Second example is from the news media. Nearly 18 years ago, a new newspaper ‘Divya Bhakar’ entered the Gujarat market. Being one of the largest regional language media groups in the country, the Dainik Bhaskar group challenged two very strong and established newspaper brands – ‘Gujarat Samachar’ and ‘Sandesh’. The competition to retain newspaper subscribers was intense.

However, knowing the psyche of Gujarati community, ‘Gujarat Samachar’ countered ‘Divya Bhaskar’ with a scheme. It introduced a scheme of giving gifts to the readers, who would cut a published coupon in Gujarat Samachar every day, and then paste them on a form published in the newspaper. You might understand that if the news reading activity gets little fun in it in the form of a game of cutting and pasting coupons on the form, which also gets recognition in the form of gift, many Gujaratis did not mind subscribing more than one newspaper at their home. The scheme was hit and ‘Divya Bhaskar’ and ‘Sandesh’ had to follow suit, and ‘Gujarat Samachar’ survived the cut-throat competition. Gujarati community’s feature of making such schemes an instant hit though ‘word of mouth’ should not go unnoticed.

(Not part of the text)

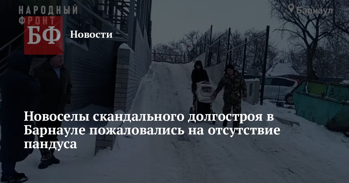 К активистам «Народного фронта» обратились жители Барнаула, ребенок которых страдает ДЦП. Они сообщили, что купили квартиру в доме по улице Петра Сухова, 34. Там отсутствует пандус для колясок, из-за этого им и мамам с колясками приходится спускаться по крутому и узкому автомобильному съезду. Его не чистят, в результате чего в конце ноября этого года одна из жительниц упала и сломала левую плечевую кость. Сама семья с ребенком-инвалидом на данный момент вынуждена проживать в другом месте.
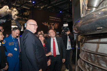 Parlimentarian's Day in the Space Pavilion at the Berlin Air and Space Show, on 25 April 2018.

Gujaratis are people, who live distinctly with their own style, spirit and specialty. Gujaratis are generous and calculative at the same time. As a community they are emotional and sensitive. Gujarati community does not mind donating crores of rupees for the treatment of a child Dhairyarajsinh. But when it comes to business, Gujaratis have the sense to do enough due diligence before spending a rupee and take the best suitable decision in their own interest. If any brand understands this, it would not be difficult for them to make their place in the heart of Gujarati users.